The quality of the included studies was assessed using the revised Cochrane risk of bias tool, as shown in supplementary Fig. 1. Three trials25, 27, 29 had a low risk of bias in all domains. There was no information regarding allocation concealment in two trials24, 28. Yang et al.24 had a high risk of bias resulting from missing outcome data and deviation from the intended intervention. There were some concerns regarding the selection of the reported results in three trials24, 26, 28.
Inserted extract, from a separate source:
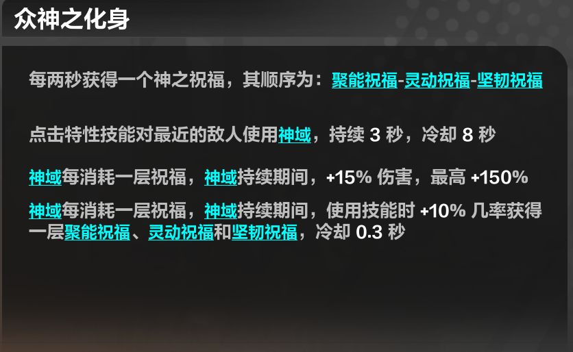 这里我就不一一展开截图了,大家进游戏自行了解。总之从后续解锁的新特性来看,我们在神域与祝福之外,新增了神域圈内外的区别以及对满血敌人造成额外伤害这一新机制,并与祝福层数挂钩。

Pairwise meta-analysis findings

Glycemic control

PEX168 as an add-on therapy to metformin was significantly superior to metformin in lowering FBG (MD = −1.20, 95% CI (−1.78,  − 0.62), p < 0.0001), HbA1c (MD = −1.01, 95% CI (−1.48,  − 0.53), p < 0.0001), and PPG (MD = −1.94, 95% CI (−2.99,  − 0.90), p = 0.0003). Pooled studies were heterogeneous for HbA1c (I2 = 76%, P = 0.04) and PPG (I2 = 82%, P = 0.004) and homogeneous for FBG (I2 = 34%, P = 0.22). PEX168 monotherapy was significantly superior to placebo in terms of FBG (MD = −2.72, 95% CI (−5.19,  − 0.25), p = 0.03) and HbA1c (MD = −0.98, 95% CI (−1.20,  − 0.77), p < 0.00001), but was statistically insignificant regarding PPG (MD = −2.97, 95% CI (−6.02, 0.09), p = 0.06). Pooled studies were homogeneous for HbA1c (I2 = 0%, P = 0.72) and heterogeneous for FBG (I2 = 98%, P < 0.00001) and PPG (I2 = 72%, P = 0.06). Table 3 shows the sample size and pairwise meta-analysis results for each outcome. Figure 2 shows the forest plots of the meta-analysis of FBG (a), HbA1c (b), and PPG (c) for each group.

Table 3 shows sample size and pairwise meta-analysis results for each outcome.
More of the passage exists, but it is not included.